Então, como funciona o processo de licenciamento ambiental? Para que ele existe? Breve e objetivamente, o licenciamento ambiental existe para controlar os impactos ambientais negativos. E, neste sentido, pode-se dizer que licenciar e controlar. O controle ambiental está no cerne do processo de licenciamento, que segue a seguinte ideia: primeiro apura-se os aspectos ambientais, para cada um deles aponta-se o respectivo impacto (que pode ser positivo ou negativo) e, para cada impacto, impõe-se o correspondente controle. E, por fim, esses controles estão apresentados nas condicionantes das licenças ambientais.
Então, as condicionantes nada mais são, ou deveriam ser, do que medidas de controle ambiental, relacionadas intimamente aos impactos ambientais negativos, decorrentes exclusivamente da atividade a ser licenciada. Dessa forma, a condicio-
nante deve guardar uma ligação íntima com
o impacto ambiental (efetivo ou potencial) que a atividade desempenha. Deve, ainda, ser proporcional a esse impacto. Toda condicionante deve vir acompanhada de fundamentação técnica, que demonstre os dois elementos acima, uma vez que a administração se submete aos princípios do art. 37, caput, da CR/88.
O empresário ou seu advogado, ao questionar determinada exigência ambiental, deve investigar se estão presentes esses três elementos acima destacados.
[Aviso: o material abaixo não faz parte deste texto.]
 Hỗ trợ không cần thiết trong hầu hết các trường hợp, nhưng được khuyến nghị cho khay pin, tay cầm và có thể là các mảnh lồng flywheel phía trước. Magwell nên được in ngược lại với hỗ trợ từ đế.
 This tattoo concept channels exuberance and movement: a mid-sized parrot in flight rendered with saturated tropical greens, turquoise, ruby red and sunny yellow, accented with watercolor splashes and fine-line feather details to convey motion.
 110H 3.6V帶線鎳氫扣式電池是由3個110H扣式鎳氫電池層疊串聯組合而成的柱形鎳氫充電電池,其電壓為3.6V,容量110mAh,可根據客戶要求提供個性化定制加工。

Por exemplo, a caixa separadora de água e óleo gera efluentes, que podem impactar o meio ambiente. Logo, é razoável exigir o seu monitoramento. A mesma lógica vale para, por exemplo, o teste de estanqueidade, como medida preventiva de detecção de vazamentos.
Situação completamente diferente é pedir para uma empresa que existe há mais de 50 anos no mesmo local e que está em processo de renovação de sua licença de operação que implante rede pública de coleta de esgoto. Detalhe, no local em que a empresa funciona, não existe rede coletora de esgoto e executar essa obra demanda implantar a rede com mais de 2 km de extensão, em terreno público. Neste caso particular, o poder público desbordou de sua função, pois, além de ser desproporcional ao impacto, a legislação admite a solução individual de saneamento, conforme preconizado na Lei 11.445/2007, modificada pela Lei 14.026/2020. Em outras palavras, sob o pálio da regularização ambiental de uma única empresa, o poder público está exigindo que o particular execute a rede pública de esgotamento de praticamente um bairro inteiro.
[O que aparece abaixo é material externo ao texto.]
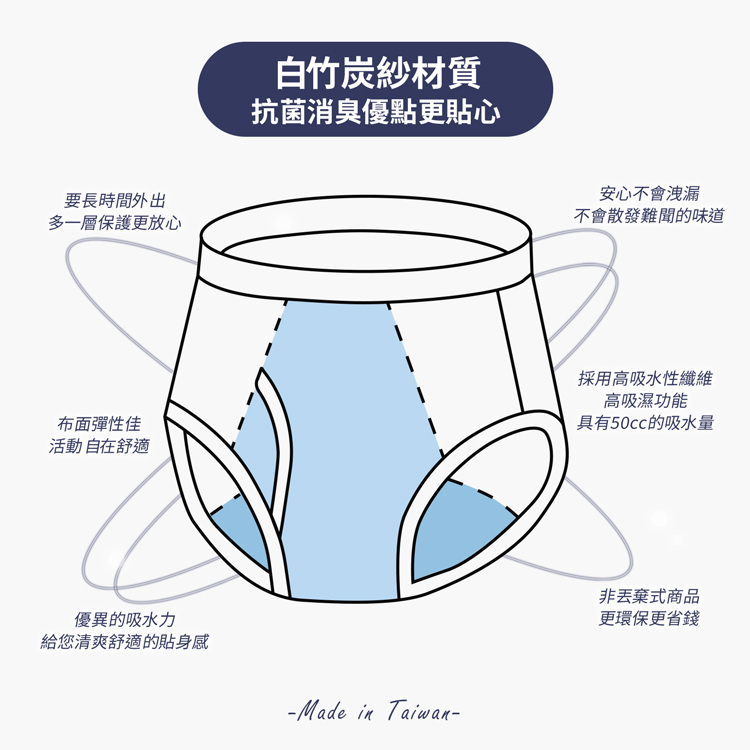 嚴選【高吸水性素材】淺褲----3層式吸水結構,

É impressionante a quantidade de exigências ambientais que ultimamente estão sendo postas nos mesmos níveis da situação acima, sem qualquer relação com impactos das atividades normais de um posto revendedor. Não é função do licenciamento ambiental resolver todas as mazelas derivadas da omissão de outras obrigações públicas, tal como reparar passeios, doar placas de trânsito, plantar árvores, apresentar projetos paisagísticos e outras medidas que não se relacionam em nada, nem mesmo indiretamente, com os impactos a serem controlados pelo particular.
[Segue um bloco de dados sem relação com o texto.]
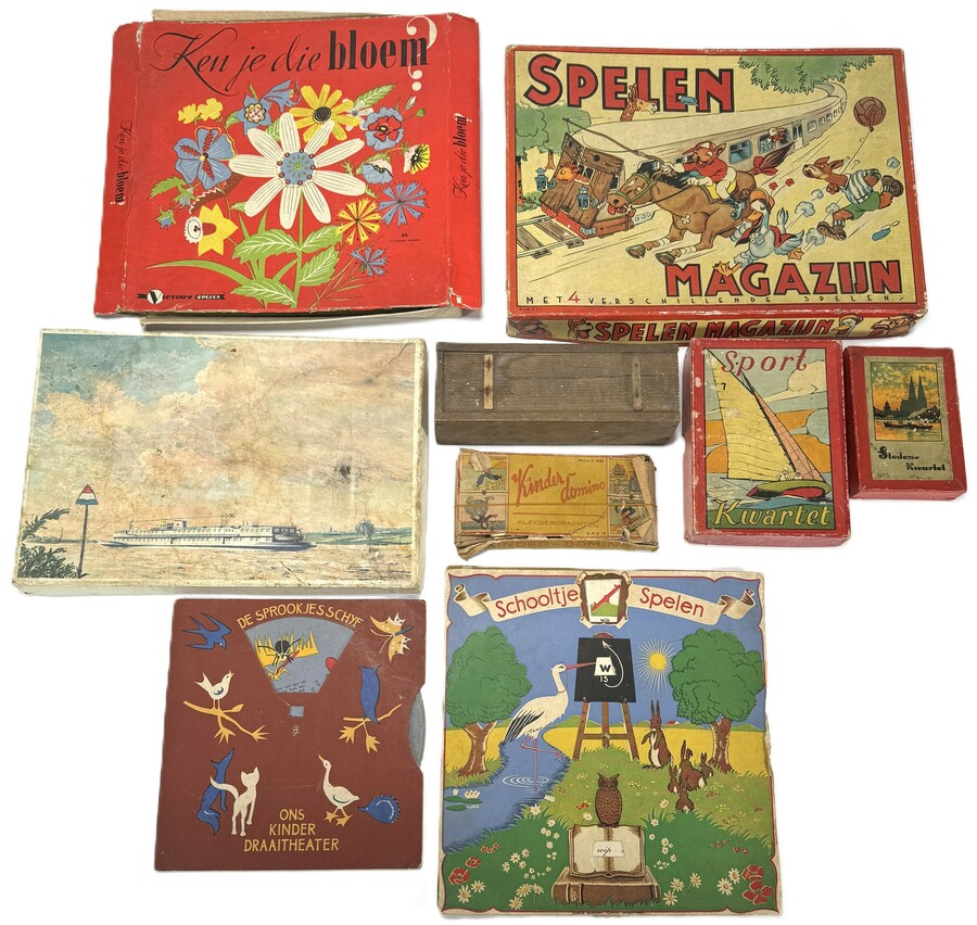 Tien historische kinderspelletjes en bezigheden, voornamelijk vervaardigd uit bedrukt karton en hout. De set bestaat uit bordspellen, een kwartetspel (o.a. Steden Kwarten 1953), domino, en draaitheater. De grafische stijl is kenmerkend voor Nederlandse kinderboekenillustratie van het midden 20e eeuw (circa 1930–1960), met heldere kleuren en nostalgische voorstellingen. De merken Victorie en ’t Koggescheepje zijn zichtbaar.
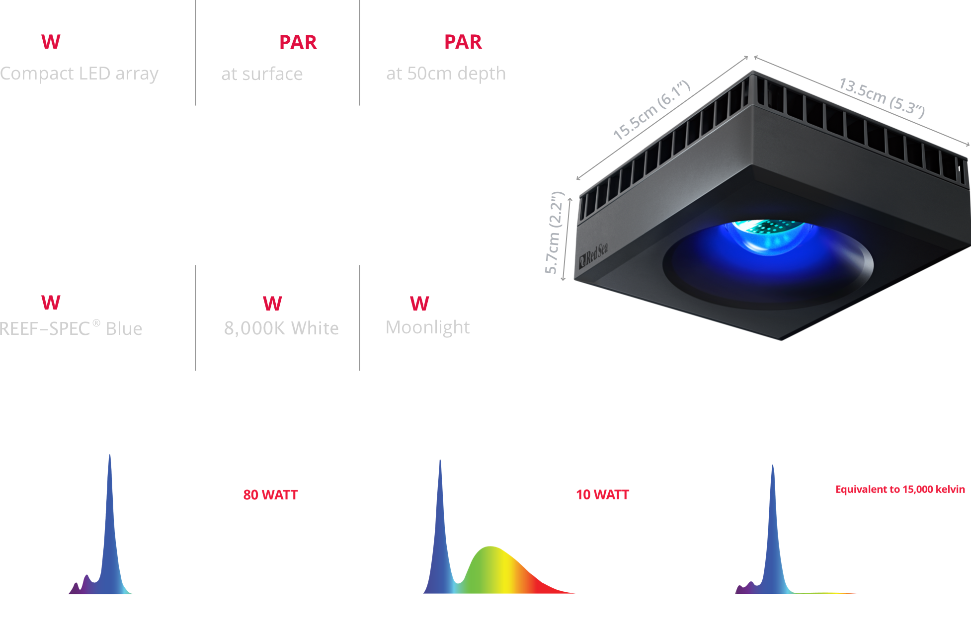 At the heart of the unit is a single, compact LED array that includes a multi-wavelength, 23,000 Kelvin “REEF-SPEC Blue” channel (a proprietary blend of blue, violet and ultraviolet LEDs) which, together with an 8,000K White channel, provides a reef-safe range of color temperatures that enable all corals to flourish.
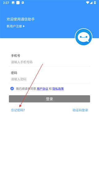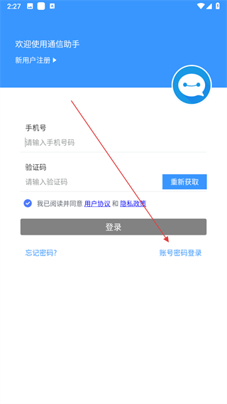 1、打開通信助手APP的登錄頁(yè)面,點(diǎn)擊下方賬號(hào)密碼登錄。
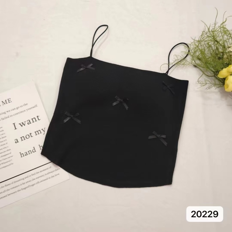 夏季新款设计感薄款蝴蝶结短款内搭外穿上衣辣妹针织bm吊带背心女
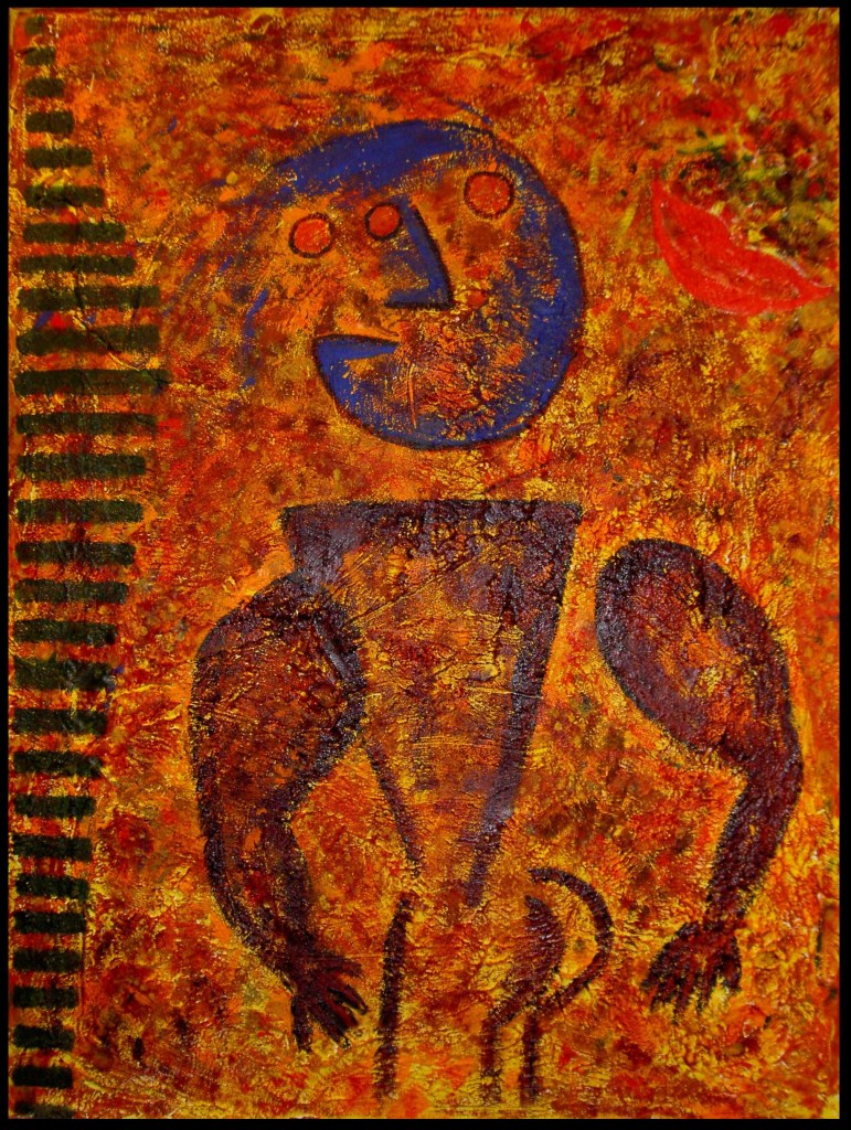 49″ x 37″ mixed media. The working title of this one was “Butt Man”. But his smile made him “Blue in the Face”. Fun stripes on the side to balance a powerful image and those lips. Oh, those lips!

E, o empresário, sempre que se deparar com esse tipo de situação, deve fazer essas três perguntas: essa exigência relaciona-se com a minha atividade? É uma exigência proporcional ao impacto causado? E, por fim, o analista ambiental fundamentou essa exigência? São essas as “ferramentas” que podem auxiliar contra as medidas descabidas, que muitas vezes estão inseridas nas licenças ambientais.